Safety evaluation sharpened that point. Once models could produce persuasive text, write code, plan steps, analyze images, and call tools, the question was not only which model was more capable. It was which capabilities should be released, limited, monitored, or delayed. Evaluation became part of the argument about deployment gates. A dangerous-capability test, a jailbreak rate, a refusal metric, or a red-team result could influence whether a model shipped broadly or with restrictions.

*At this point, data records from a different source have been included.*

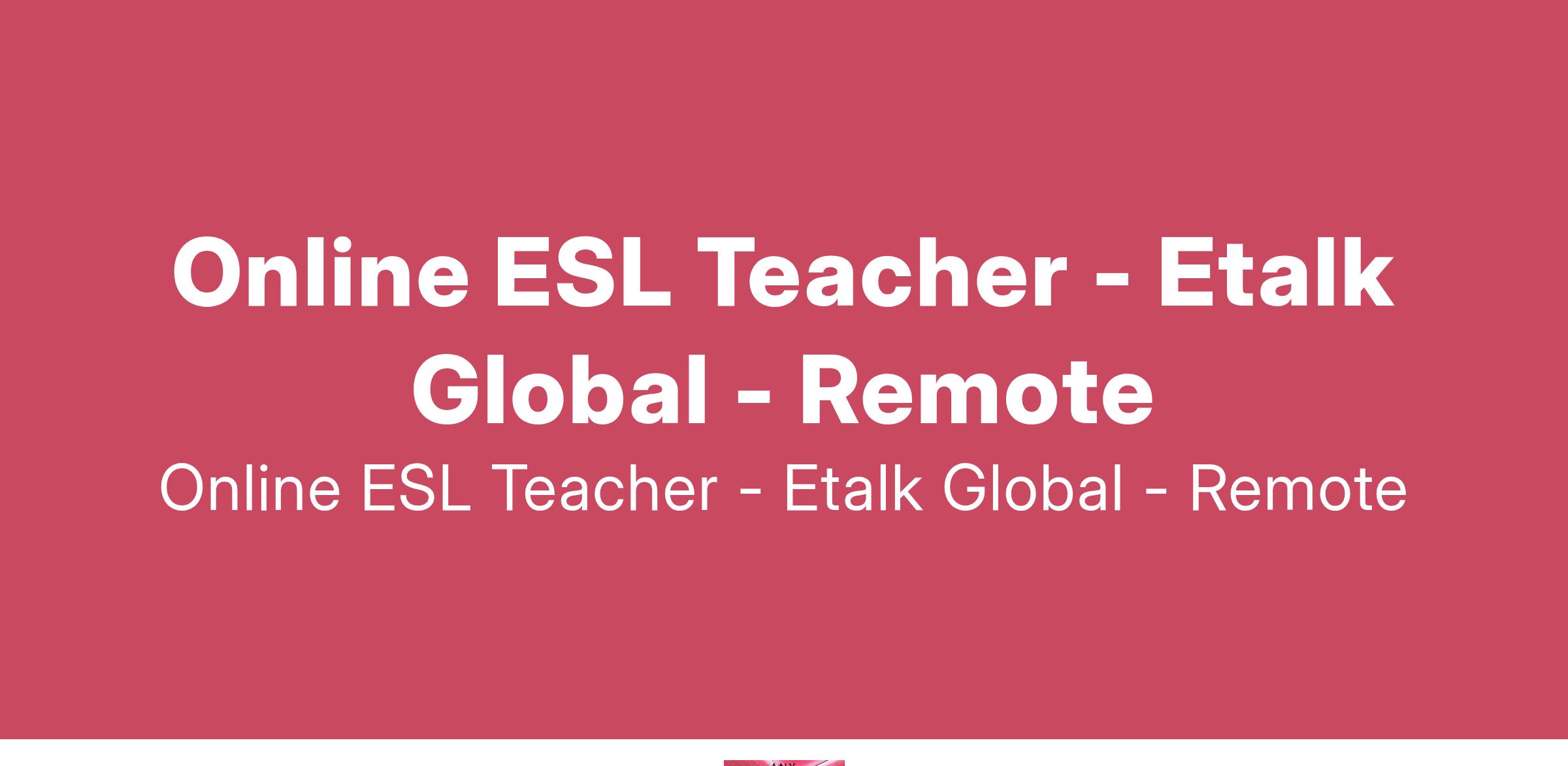 eTalk International Online English School is looking for ESL TEACHERS to conduct online classes for kids, teens, and adults.
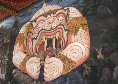 | Paintings 1 Paintings in the galleries surrounding the temple. They are from Ramakien, the Thai version of the Indian Ramayana. (The picture above is my favorite) |
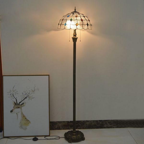 Vintage Tiffany-Style Stained Glass Floor Lamp with Dual Pull Chains and Antique Bronze Base - 110V-120V Silver
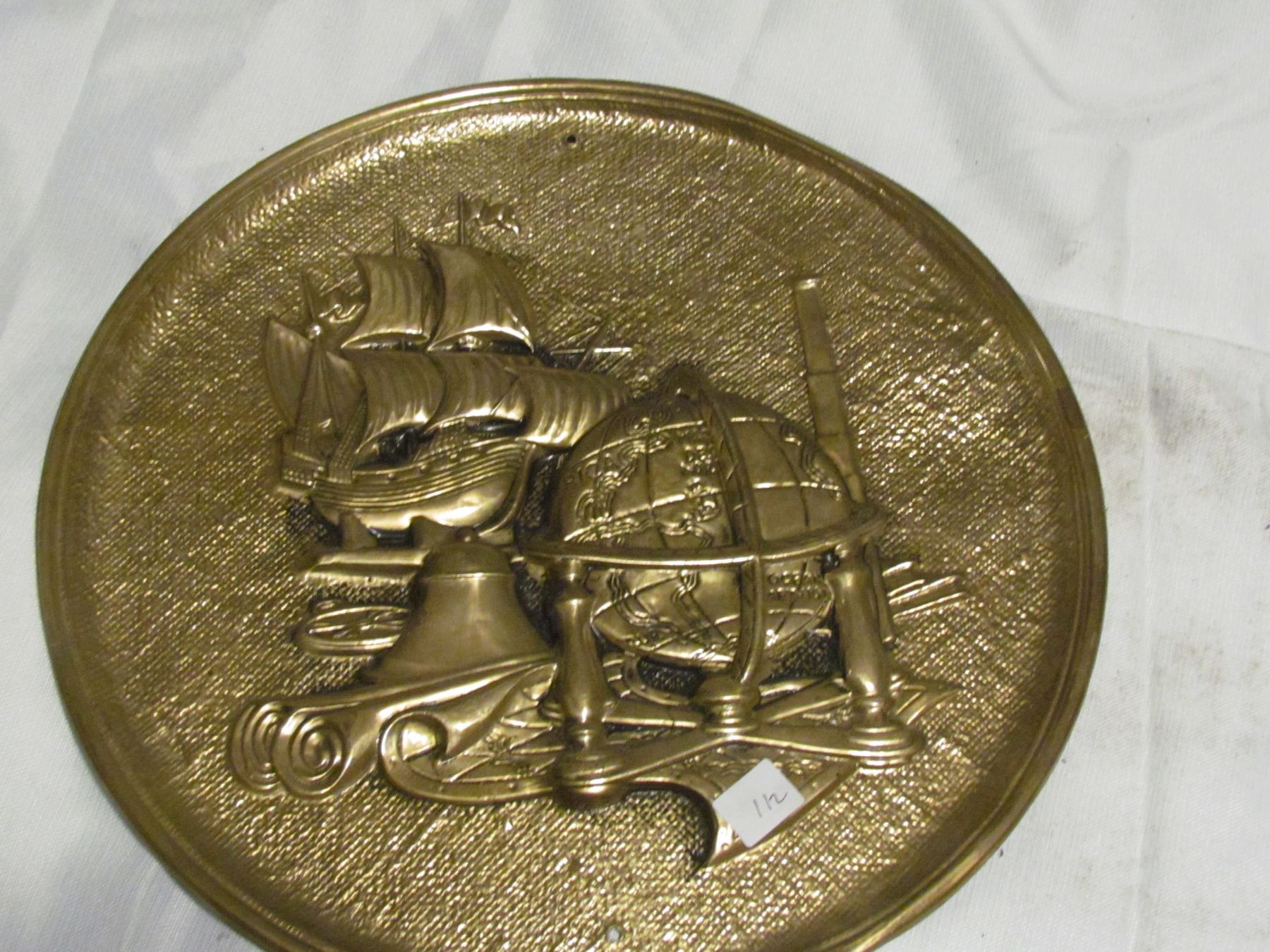 Round Brass Plate - Ship and Globe
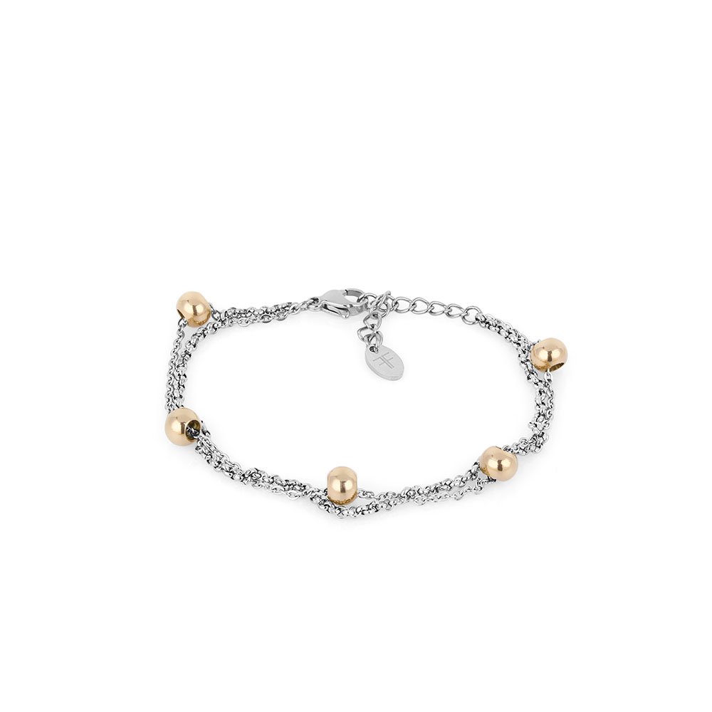 Detaliile fine ale lantului subtire, alaturi de margelele aurii distribuite uniform, confera bratarii un aspect rafinat si feminin. Materialul rezistent la coroziune si zgarieturi garanteaza o durabilitate indelungata, pastrandu-si stralucirea in timp.
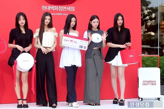 그룹 뉴진스가 1일 오후 서울 중구 현대백화점면세점 동대문점에서 열린 '에브리데이 현데이(EVERYDAY HYUNDAY)' 행사에 참석해 포즈를 취하고 있다.
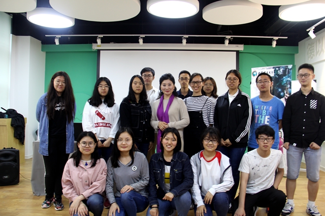 陳澄講述了淮劇的起源與發展,詳細介紹了南派、北派、東路、西路四個各具特色的淮劇流派。她言傳身教,用一段段經典的作品選段來表現淮劇藝術百花齊放的聲腔特點,時而高亢,時而悲涼。陳澄用自己對淮劇的傳承、改革和創新的事跡勉勵大家,偉大的藝術來源于實踐,傳統藝術既需要繼承老一輩藝術家們留下來的文化底蘊,也需要足夠的精力去不斷地嘗試與革新,并以淮劇《小鎮》為例,講述戲劇所折射出的人生哲理及其教育意義,強調戲劇文化在弘揚社會主義核心價值觀、傳播中國傳統文化、堅定文化自信等方面的重要意義。講座最后,陳澄為大家表演精彩的淮劇選段,并與學生合影留念。
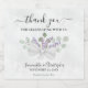 Essas lindas etiquetas de garrafas de licor são perfeitas para agradecer convidados especiais de casamento ou membros da sua festa noiva. O design de gema de bico rústico apresenta um aglomerado de folhagem de cor d'água pintada manualmente, incluindo ranhuras de folhas de eucalipto e flores de lavanda em tons de verde e roxo de sábio. No texto lê-se Obrigado por nos celebrar. Há espaço para seus nomes e a data do casamento, e o tipo de espíritos ou outros conteúdos da garrafa.
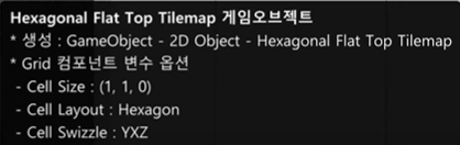 - Grid : 타일 배치 방식으로 Rectangle, Hexagon, Isometirc, Isometric Z As Y

Those safety measurements are even harder to treat as simple scores. Refusal behavior can be too weak or too strong. A model that refuses many requests may look safer while being less useful. A model that answers broadly may be more helpful while creating more risk. Red-team prompts evolve as users discover new attack patterns. Policy categories change. Tool access changes the harm surface. The evaluation target moves because the product and the adversary both move.
That is why evaluation became governance infrastructure rather than mere reporting. A serious lab, platform, or buyer needs repeatable tests, version tracking, escalation rules, and a way to notice regressions. The benchmark table is the public artifact. The evaluation pipeline behind it is the operational control surface.
That vocabulary can empower outsiders. HELM-style transparency can expose differences that model providers might prefer to summarize. Public arenas can let users compare systems without waiting for official claims. Open evaluation harnesses can help researchers reproduce or challenge release narratives. SWE-bench-style tasks can show that a polished assistant still fails at real work.
But the same vocabulary can hide power. A company with the resources to run many evaluations can choose the most flattering table. A lab with access to private data can tune against public expectations. A leaderboard operator can define the rules of recognition. A procurement process can reduce complex risk to a score. A public debate can confuse exam performance with social readiness.
The benchmark war is therefore a fight over institutions, not just numbers.
It is also a fight over time. A benchmark result is dated. It belongs to a model version, a prompt method, an evaluation harness, a data cutoff, and a moment in a rapidly moving field. Treating a score as timeless is one of the easiest ways to misunderstand modern AI. A result that once demonstrated frontier performance may later become table stakes. A benchmark that once exposed weakness may later become saturated. A leaderboard position that looked decisive in one month may be irrelevant in the next.
This is why Ch66 sits between open weights and the next chapters on platforms, data, and the physical economy of frontier AI. Evaluation does not float above those fights. It connects them.
Open weights need benchmarks to prove they matter. Closed labs need benchmarks to justify premium access. Copyright disputes affect what data can be used and therefore what models can learn. Data exhaustion changes the value of synthetic data and harder evaluations. Inference economics determines whether a model that scores well can be served cheaply. Chip geopolitics shapes who can train and run the systems that compete on the scoreboard.
Benchmarks make capability visible, but visibility is never neutral.
The healthiest view is neither naive nor cynical. Benchmarks are indispensable. They are how a field disciplines claims, finds weaknesses, compares systems, and notices progress. Without them, the loudest demo wins. With them, at least some claims have to meet a common test.
But benchmarks are not reality. They are negotiated instruments inside an incentive system. They measure what their designers could formalize. They miss what was too expensive, ambiguous, political, or new to measure. They invite optimization. They decay. They create winners, and winners learn to speak their language.
The score is not the system.
The war over benchmarks is the war over who gets to say what the system is.